Families told NPR that Venezuelans sent from Texas to Caracas were inside a guarded hotel when twin earthquakes brought it down.

Lucas Ferreira

By Lucas Ferreira · Science & Environment Writer

3 min read

Deportees from U.S. among victims after Venezuela hotel collapse
Photo: NPR

Venezuelans deported from the United States were caught in a deadly hotel collapse in La Guaira just hours after arriving in Caracas, NPR reported. Families told the network that the deportees were being processed in a guarded hotel when twin earthquakes struck and the building gave way.

The flight from Texas carried 146 Venezuelan nationals, including women and children, according to NPR. Accounts of how many deportees survived remain unclear, and the Venezuelan agency responsible for transporting them declined to provide a toll to the network.

The agency told NPR in a WhatsApp message that families had been notified about their relatives’ status. Some relatives disputed that account, saying they have searched hospitals, shelters and morgues on their own.

Families search after collapse

Georgelyss Montes told NPR that her best friend, Angelo Mejía Meléndez, was among those killed. She said she had last seen him four years earlier at a farewell gathering before he left Venezuela for the United States.

Mejía Meléndez had been living in Miami and working at a pier, according to NPR. His family expected to reunite with him after his deportation, but instead spent days looking for him before identifying his body by a pizza tattoo on his arm, Montes told the network.
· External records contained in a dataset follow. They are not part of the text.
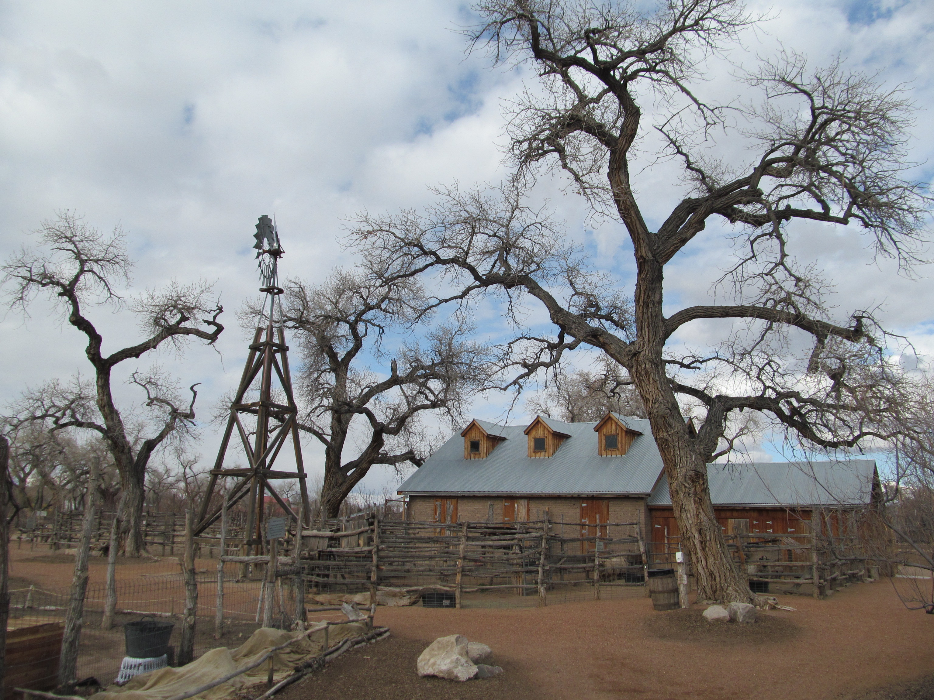 Barn at the Heritage Farm, Rio Grande Botanic Garden, Albuquerque New Mexico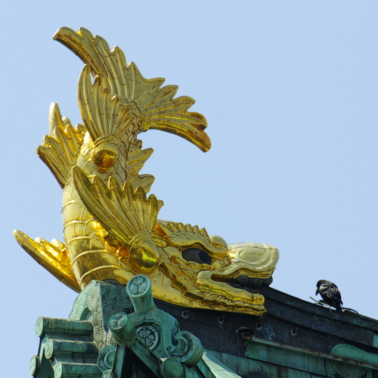 The crow which approaches the golden shachihoko on Nagoya castle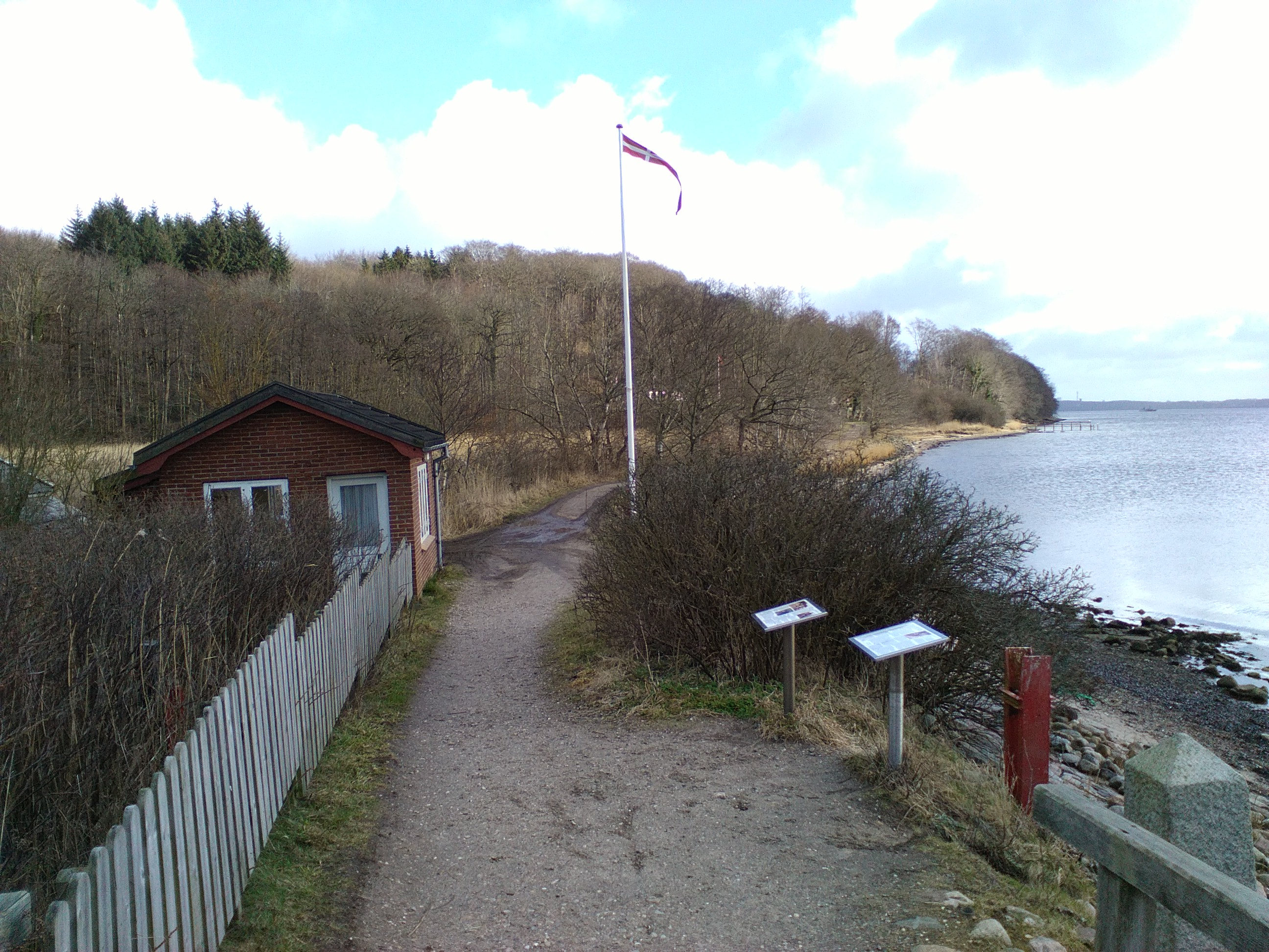 border crossing Germany - Denmark Schusterkate, Firth of Flenburg, Germany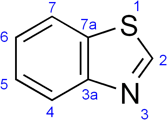 chemical structure of benzothiazole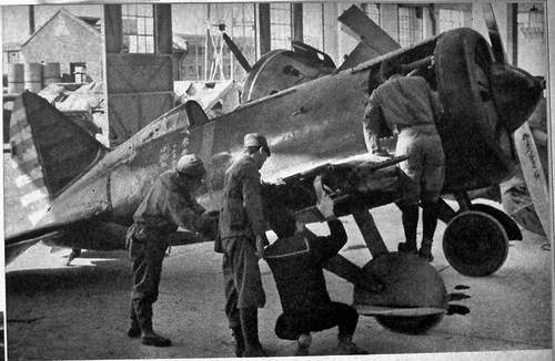 Japanese armed forces' aircraft engineers study Soviet I-16 fighter used by National Revolutionary Army. (Nanking, Dec. 22, 1937)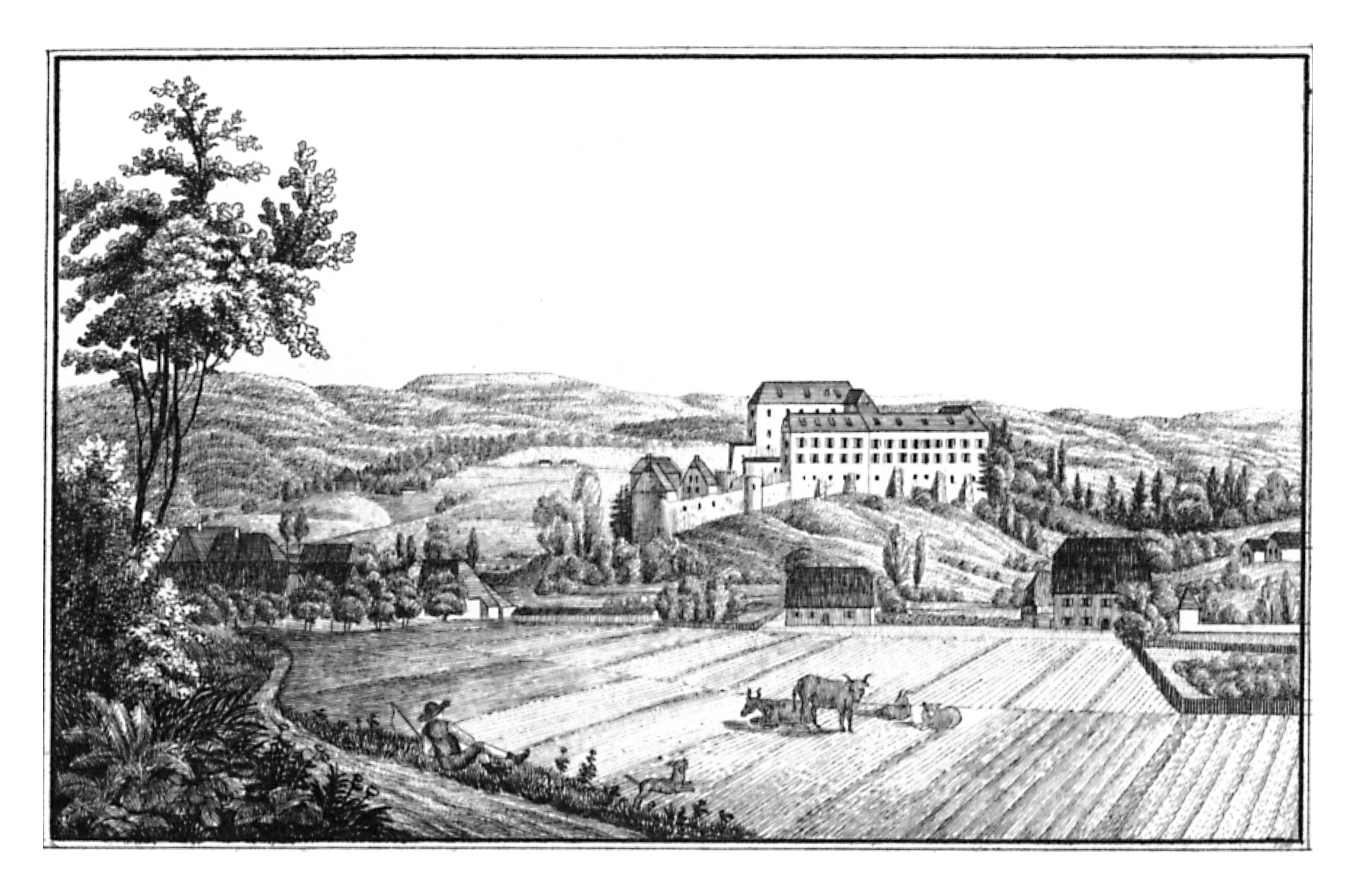 J. F. Kaiser - lithographirte Ansichten der Steyermärkischen Städte, Märkte und Schlösser, Graz 1824-1833 Joseph Franz Kaiser (1786–1859) Alternative names J. F. KaiserDescriptionAustrian printer and editorDate of birth/death 11 March 1786 19 September 1859Location of birth/death Graz (Styria) GrazAuthority control : Q1499963 VIAF: 30629353 ISNI: 0000 0000 3083 0153 LCCN: n87141671 GND: 129880159 NLP: A24960305 WorldCat creator QS:P170,Q1499963 . Scanprojekt Community Projektbudget 2012 This scan or this PDF-file was created within the GLAM-project Bookscanning, supported by Wikimedia Germany and Wikimedia Austria as a part of the community-project to capture books, documents and pictures which are not eligible to copyright or for which the copyright has expired. This document describes or depicts an object which is located in Austria today. Send requests for uncompressed scans to Hubertl. This work is in the public domain in its country of origin and other countries and areas where the copyright term is the author's life plus 100 years or less. You must also include a United States public domain tag to indicate why this work is in the public domain in the United States. This file has been identified as being free of known restrictions under copyright law, including all related and neighboring rights.

In a voice message to his mother before his deportation, Mejía Meléndez said he was doing well at work and that his bosses had named a new jet ski after him, NPR reported. Montes described the loss as painful, saying the two had grown up together.

Another family is still looking for Víctor Guanipa Toyo, 32, who had lived in Pecos, Texas, his brother Alonso Guanipa Toyo told NPR. He said Víctor worked construction during the day and drove for a rideshare service at night.

Alonso Guanipa Toyo told NPR that his brother was detained by immigration authorities in Texas on June 12 after he and his wife were picked up at a nightclub. He said Víctor had no criminal record and was in the United States legally.

After learning of the earthquakes, Alonso said he searched for the building where the deportees had been taken and saw that it had collapsed. He told NPR that a database suggested his brother might be in a hospital, but as of Monday the family had not found him.

Questions over deportations

NPR reported that it was not clear whether the Trump administration would continue deportations to Venezuela after the earthquakes. The Department of Homeland Security did not respond to NPR’s request for comment.

Oswadeliz Núñez told NPR that her son, Daniel Núñez, remains missing after being deported. She said he had lived in Jacksonville, Florida, for nearly five years and worked in construction.

She told NPR that Daniel called her roughly 30 minutes before the earthquakes to say he had landed in Venezuela and was being processed. She said her son’s offenses were crossing the border illegally and a misdemeanor for driving without a license, and that immigration authorities arrested him on his way to work in May.

Oswadeliz Núñez said she still hopes her son is alive, but added that families need help recovering people from the rubble. “We need their bodies,” she told NPR.

This story draws on original reporting from NPR.